They get to talking about classes; Bernard's anecdotes about his intro to economics professor animated with impressive hand gestures make Tim shake with laughter. They move onto the merits of Star Trek versus Star Wars, and before he knows it, well over an hour has passed them by. 

"Oh fuck," he says, catching sight of his watch. "I've got to get back to work." 

"What, this wasn't end of the day slacking time?" 

"No, Tam ordered me out to take a break for an hour but I've still got a mountain of paperwork that I'd like to get started on before I call it a day." 

"Tam," Bernard says, his too-expressive face suddenly closed off. "Tam Fox, your fiancée?" 

Tim shakes his head. "No, that was. That was a whole thing, Vicki Vale, you know how she is. Tam and I are definitely not engaged. She thinks I'm kind of a jerk, actually." 

"You _are_ kind of a jerk," Bernard says. "Don't worry, it's part of your charm." 

"Well, thank God for that," Tim says. 

"Hey, I'll walk back with you to Wayne Enterprises, my subway stop is right over there." 

They walk back towards the looming WE building in easy silence, shoulders brushing together. 

They're almost at the large glass entrance doors to WE, standing just on the inside of one of the columns, when Bernard turns to him, uncertainty written into every tense line of his body. 

"How would you feel about. Would you maybe want to, you know. Dinner or something," Bernard says. 

"What?" 

"Fuck it," Bernard mutters and for the second time that day, Tim's much practiced awareness is completely taken by surprise when Bernard leans down and kisses him. 

For a few seconds, Tim does nothing. Then some unnamed instinct takes hold of him and he pushes forward and kisses back, and Bernard's lips part and - 

And it feels like a fuse has been lit within him. Tim feels warm all over, warm and suddenly very aware of every spot where their bodies are touching as Bernard presses him into the column behind them. It feels stupid and overdramatic and he wants to dismiss the thought as soon as he thinks it, but he has never felt this good kissing someone. He's always liked the implied closeness of it, the intimacy, but the actual act of it has never really done anything for him. He hears a strangled moan and is embarrassed to realize that it came from him. 

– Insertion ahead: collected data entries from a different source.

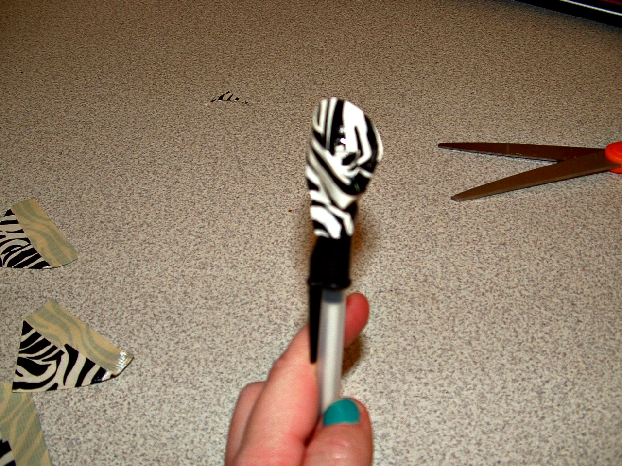 First cover the cap of your pen with some Duct Tape. You can do it on the end of a non "clicky" pen.
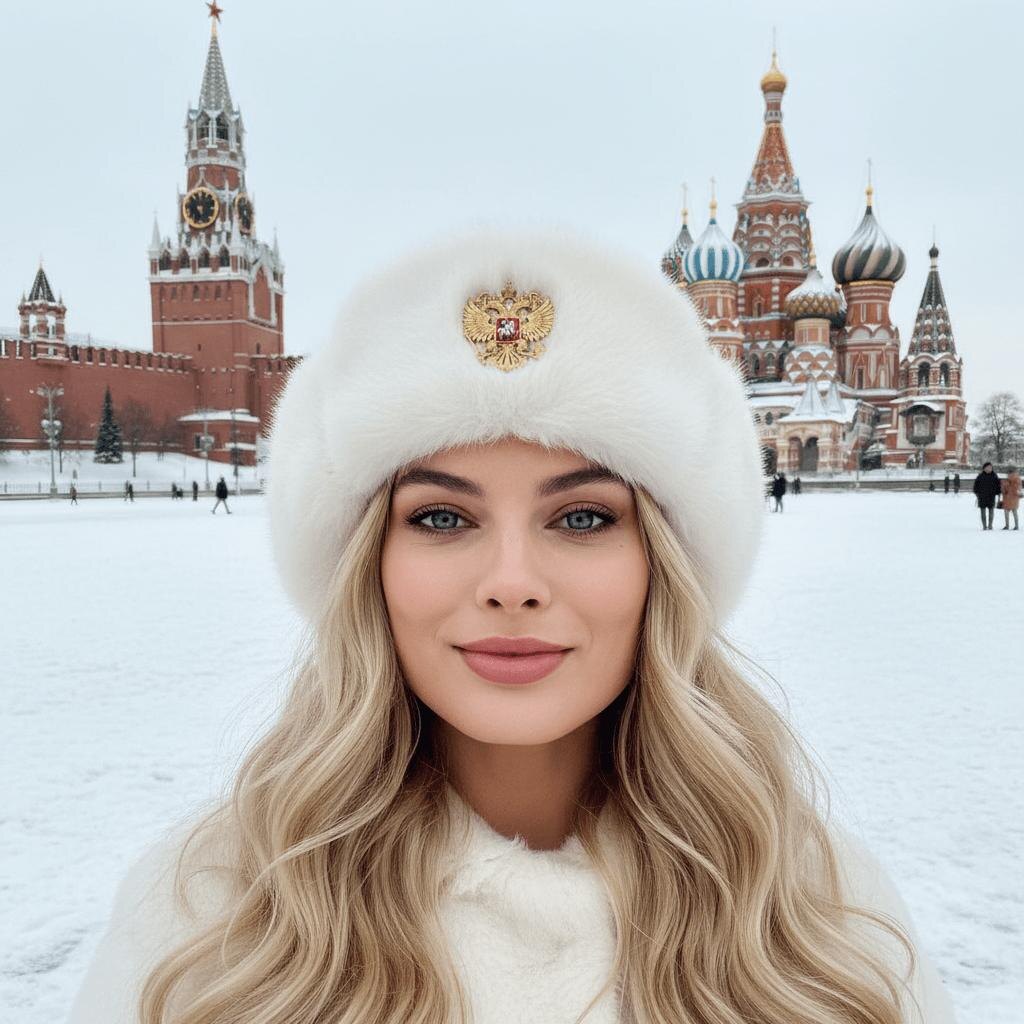 Сгенерировать фото⚡️ Используй лицо женщины с загруженного фото. Создай портрет, не меняя черты лица. Реалистичное селфи красивой молодой женщины на Красной площади в Москве зимой. На ней белая меховая шапка-ушанка с золотым гербом России по центру. У девушки выразительные глаза, длинные волнистые волосы и безупречный макияж, кожа слегка загорелая. На заднем плане заснеженная площадь, Спасская башня Кремля и собор Василия Блаженного. Атмосфера зимнего дня, мягкое естественное освещение, высокое разрешение, качество мобильной фотографии для соцсетей. Эстетика современной Москвы, зимний городской стиль, живые эмоции, эффект широкоугольной линзы смартфона. Профессиональное освещение, 8К. 9:16
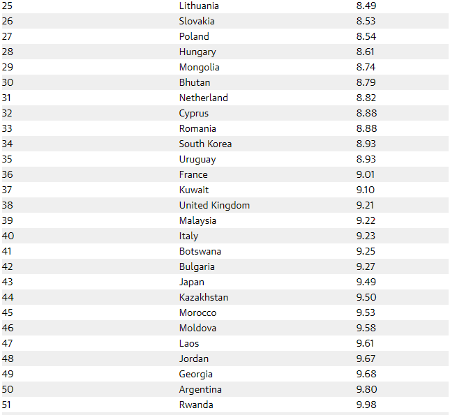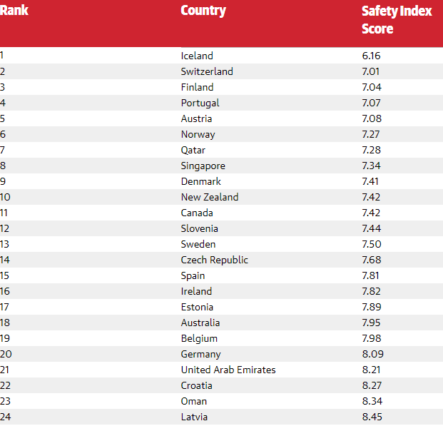 К примеру, США оказались ровно посередине списка – на 65 месте. Из-за угрозы разгула стихии и насилия. Лучше всего с безопасностью дела обстоят в Европе. Первая шестерка состоит из Исландии, Швейцарии, Финляндии, Португалии, Австрии и Норвегии. В десятке также Катар, Сингапур, Канада и Дания. Россия также оказалась на самом дне рейтинга - ей социологи присудили 108 место.
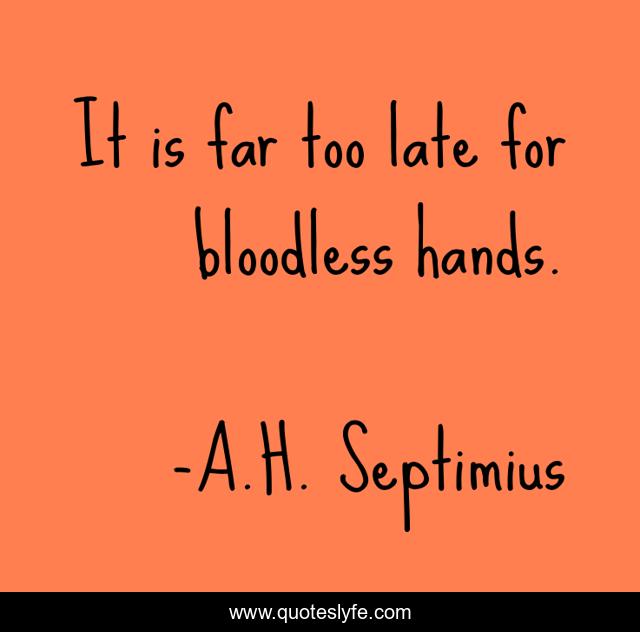 This page presents the quote "It is far too late for bloodless hands.". Author of this quote is A.H. Septimius. This quote is about society, life, pain, truth, crime,.
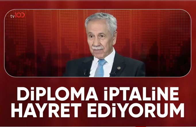 TV100'de Talat Atilla'nın sunduğu Pazar Siyaseti programına katılan 22. Dönem TBMM Başkanı Bülent Arınç, İBB Başkanı ve CHP'nin cumhurbaşkanı adayı Ekrem İmamoğlu'nun diplomasının iptal edilmesi konusunu "yanlış" olarak değerlendirdi.

Tim pulls away, finally, more for lack of air than anything else. Bernard's eyes have gone dark and hungry, and it makes Tim's breath catch in his throat. 

"I've got to get to work," Tim says. 

"Yeah," Bernard says, voice hoarse. 

Tim ducks out from beneath the taller boy and walks steadily towards the front doors, and doesn't stop walking until he reaches his office, completely missing the WE security guard's raised eyebrows as he walks by. 

Tim collapses at his desk and runs a hand through his still too-long hair distractedly. 

"What the fuck." 

The paperwork goes untouched for the rest of the afternoon. 

\+ 

The thing is, he can't stop thinking about it. 

Tim goes through the rest of the day on auto-pilot. 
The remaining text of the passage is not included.